DNSMOS P.835: Advancements in Non-Intrusive Speech Quality Assessment

The paper "DNSMOS P.835: A Non-Intrusive Perceptual Objective Speech Quality Metric to Evaluate Noise Suppressors" by Chandan K A Reddy, Vishak Gopal, and Ross Cutler presents a significant contribution to the field of speech enhancement (SE) and quality assessment. This report introduces DNSMOS P.835, a novel non-intrusive speech quality metric designed to evaluate noise suppressors based on human perceptual assessment criteria.

Overview and Methodology

The DNSMOS P.835 model is developed from a dataset derived from the Deep Noise Suppression (DNS) Challenge, leveraging the ITU-T Rec. P.835 subjective evaluation framework. This framework provides separate quality assessments for speech (SIG), background noise (BAK), and overall audio quality (OVRL), which serve as the training labels for this non-intrusive metric. The model uses a Convolutional Neural Network (CNN) to predict these metrics precisely, with each audio clip being evaluated using its log power spectrogram as the input feature.

Significant Results

The DNSMOS P.835 model exhibits a high correlation with human ratings, boasting a Pearson's Correlation Coefficient (PCC) of 0.94 for SIG, and 0.98 for both BAK and OVRL, at the model level. These results underscore the model's robust capability in predicting human quality ratings across different noise suppression algorithms.
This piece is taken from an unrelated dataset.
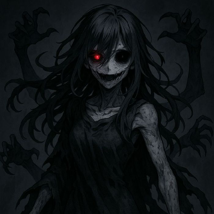 ทุกคนมองตามที่มันชี้ ก็เห็นร่างที่ยืนอยู่บนต้นไม้ เป็นผู้หญิง สวมเสื้อสีขาว ผมยาวปิดบังใบหน้า แต่เห็นดวงตาสีแดงฉาน ลอดผ่านเส้นผมที่ปิดบังใบหน้าออกมา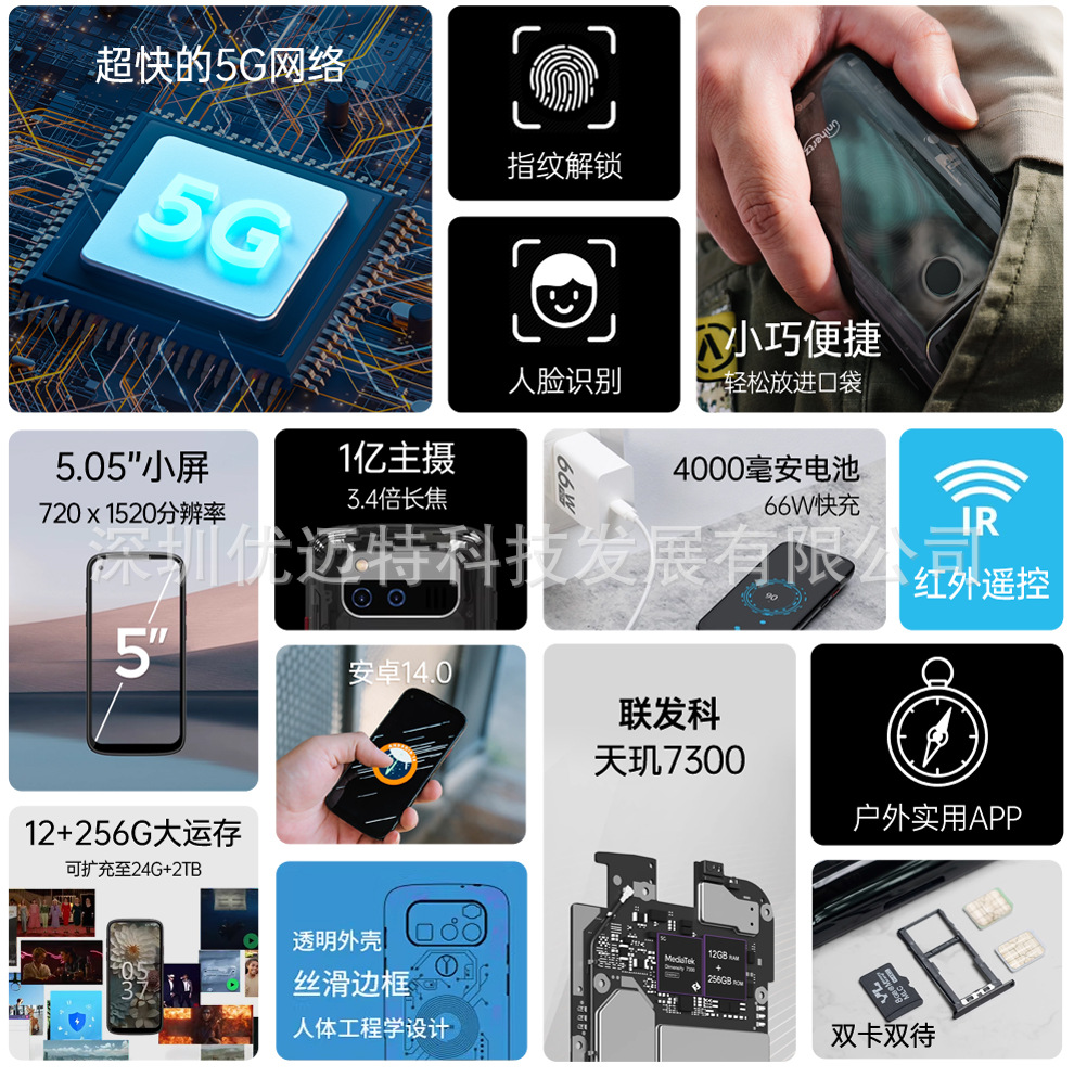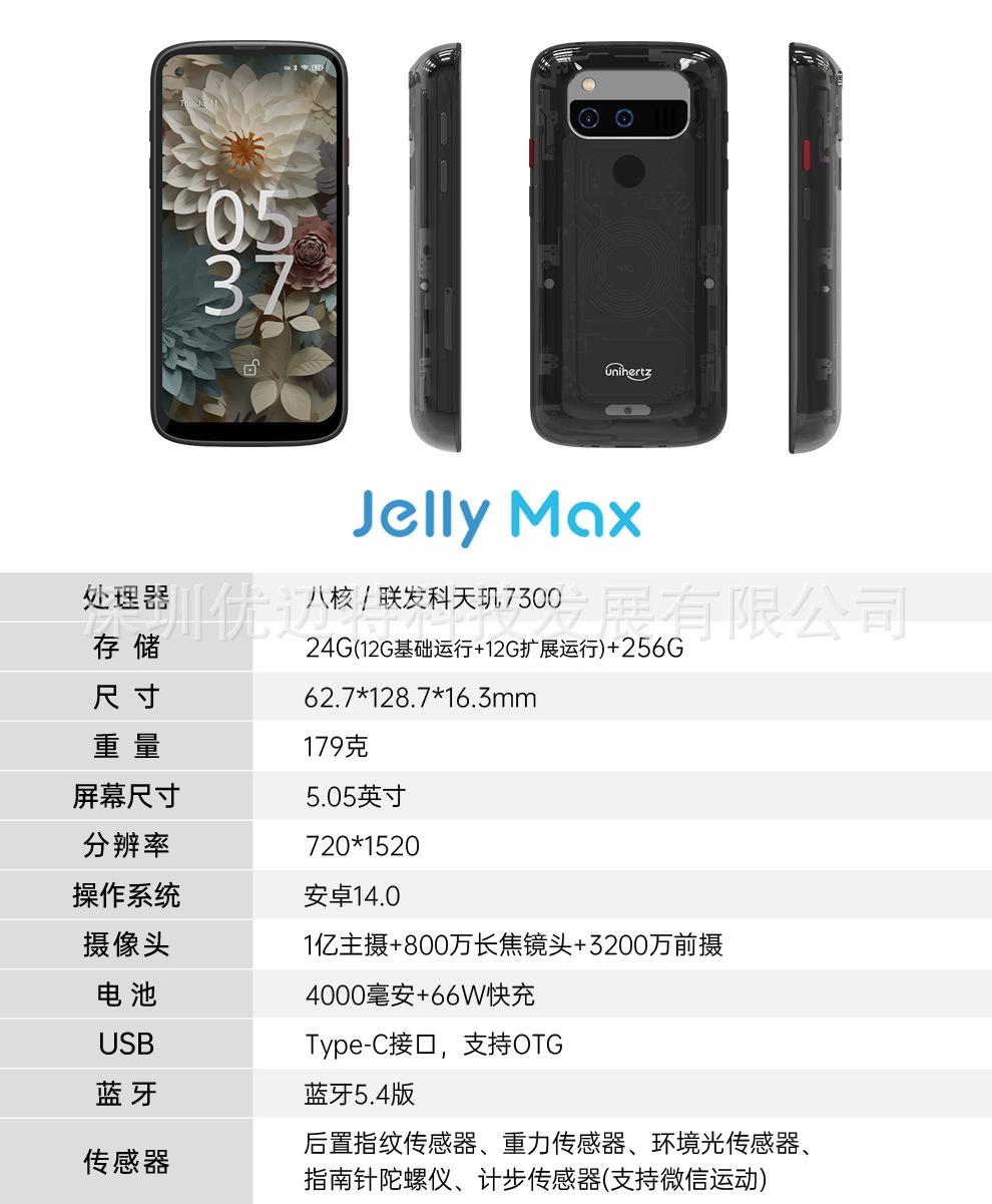 Unihertz Jelly Max 안드로이드 스마트 폰 5G 듀얼 카드 적외선 NFC5.0 인치 0.1 억 픽셀

Additionally, the authors make a notable claim about DNSMOS P.835 being the first non-intrusive P.835 predictor available as an Azure service, potentially broadening its application in real-world settings.
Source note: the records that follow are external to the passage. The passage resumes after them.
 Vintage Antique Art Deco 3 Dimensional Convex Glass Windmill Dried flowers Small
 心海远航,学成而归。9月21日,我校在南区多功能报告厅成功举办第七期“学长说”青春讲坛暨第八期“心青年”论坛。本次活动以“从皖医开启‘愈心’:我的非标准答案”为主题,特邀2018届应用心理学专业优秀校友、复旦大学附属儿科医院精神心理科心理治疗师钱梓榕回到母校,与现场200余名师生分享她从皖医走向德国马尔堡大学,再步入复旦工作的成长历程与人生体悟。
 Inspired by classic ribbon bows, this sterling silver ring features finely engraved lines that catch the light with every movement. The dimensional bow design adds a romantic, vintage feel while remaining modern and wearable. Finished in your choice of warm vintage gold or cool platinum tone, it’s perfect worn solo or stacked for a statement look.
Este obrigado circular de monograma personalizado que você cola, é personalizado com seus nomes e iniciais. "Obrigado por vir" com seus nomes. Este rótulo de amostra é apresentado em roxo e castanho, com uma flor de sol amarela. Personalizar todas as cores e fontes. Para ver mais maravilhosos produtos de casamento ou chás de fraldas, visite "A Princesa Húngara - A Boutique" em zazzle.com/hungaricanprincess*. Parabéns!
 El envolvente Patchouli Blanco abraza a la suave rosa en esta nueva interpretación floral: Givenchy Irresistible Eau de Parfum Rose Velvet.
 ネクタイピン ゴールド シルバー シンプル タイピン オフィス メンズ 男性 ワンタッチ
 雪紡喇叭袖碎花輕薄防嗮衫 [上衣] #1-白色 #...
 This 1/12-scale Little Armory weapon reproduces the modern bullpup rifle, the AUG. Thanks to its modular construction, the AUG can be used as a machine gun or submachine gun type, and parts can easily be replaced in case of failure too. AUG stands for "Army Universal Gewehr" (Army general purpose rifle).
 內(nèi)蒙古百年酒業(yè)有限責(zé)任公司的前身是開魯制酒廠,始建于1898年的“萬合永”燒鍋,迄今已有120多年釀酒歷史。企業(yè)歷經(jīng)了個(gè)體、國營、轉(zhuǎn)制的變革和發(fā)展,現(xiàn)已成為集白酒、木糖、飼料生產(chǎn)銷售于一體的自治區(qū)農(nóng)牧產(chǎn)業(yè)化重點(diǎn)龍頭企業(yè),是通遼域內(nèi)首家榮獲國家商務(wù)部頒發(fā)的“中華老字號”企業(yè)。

Implications and Future Directions

The implications of this research are two-fold. Practically, DNSMOS P.835 offers a scalable solution for evaluating noise suppressors, potentially impacting the development and optimization of SE systems without the need for extensive subjective testing. Theoretically, this paper enhances the understanding of integrating deep learning techniques with perceptual quality metrics, paving the way for more sophisticated predictive models in speech quality assessment.
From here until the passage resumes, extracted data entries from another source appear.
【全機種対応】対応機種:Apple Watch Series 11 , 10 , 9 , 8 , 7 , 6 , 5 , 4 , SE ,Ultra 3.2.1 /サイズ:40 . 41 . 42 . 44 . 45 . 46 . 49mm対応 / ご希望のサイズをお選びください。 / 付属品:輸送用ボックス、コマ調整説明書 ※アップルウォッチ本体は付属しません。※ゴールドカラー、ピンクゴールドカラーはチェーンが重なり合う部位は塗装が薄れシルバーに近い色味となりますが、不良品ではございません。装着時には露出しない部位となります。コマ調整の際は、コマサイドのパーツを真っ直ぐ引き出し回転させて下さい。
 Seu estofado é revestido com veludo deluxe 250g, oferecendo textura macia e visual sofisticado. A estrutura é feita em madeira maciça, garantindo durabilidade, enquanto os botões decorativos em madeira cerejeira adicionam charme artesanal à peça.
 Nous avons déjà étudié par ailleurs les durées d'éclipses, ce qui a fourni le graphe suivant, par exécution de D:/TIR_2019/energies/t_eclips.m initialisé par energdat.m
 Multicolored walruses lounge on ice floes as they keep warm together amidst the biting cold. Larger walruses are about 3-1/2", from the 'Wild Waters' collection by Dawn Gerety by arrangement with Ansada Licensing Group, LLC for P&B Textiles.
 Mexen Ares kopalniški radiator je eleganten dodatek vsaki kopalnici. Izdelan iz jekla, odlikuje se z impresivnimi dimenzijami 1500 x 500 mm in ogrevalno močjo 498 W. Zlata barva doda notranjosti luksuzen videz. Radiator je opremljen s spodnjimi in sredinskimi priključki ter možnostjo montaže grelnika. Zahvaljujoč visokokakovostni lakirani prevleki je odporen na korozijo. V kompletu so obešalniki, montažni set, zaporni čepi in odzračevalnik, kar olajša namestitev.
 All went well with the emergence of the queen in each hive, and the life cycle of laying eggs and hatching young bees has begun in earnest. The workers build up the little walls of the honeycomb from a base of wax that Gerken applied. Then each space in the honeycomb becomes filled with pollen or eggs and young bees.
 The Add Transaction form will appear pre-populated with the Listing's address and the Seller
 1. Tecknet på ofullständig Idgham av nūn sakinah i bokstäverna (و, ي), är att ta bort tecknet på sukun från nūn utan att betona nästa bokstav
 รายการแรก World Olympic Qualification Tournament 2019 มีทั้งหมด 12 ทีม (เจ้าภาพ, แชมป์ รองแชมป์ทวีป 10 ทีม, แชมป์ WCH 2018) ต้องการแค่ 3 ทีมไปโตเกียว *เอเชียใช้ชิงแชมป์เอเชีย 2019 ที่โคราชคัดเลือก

Future developments, as suggested by the authors, may include expanding the model's complexity or enlarging the dataset with more diverse noise scenarios to further improve accuracy, especially at the clip level. Additionally, exploring different neural network architectures could enhance the fidelity of speech quality predictions.

Conclusion

DNSMOS P.835 represents a substantial advancement in the non-intrusive evaluation of speech quality under noisy conditions, aligning closely with human perceptual judgments. The research presents a credible alternative to traditional intrusive metrics, proposing a reliable tool for the continual improvement of noise suppression technologies. As machine learning and AI continue to evolve, such metrics will be crucial in developing more nuanced and user-centric audio processing solutions.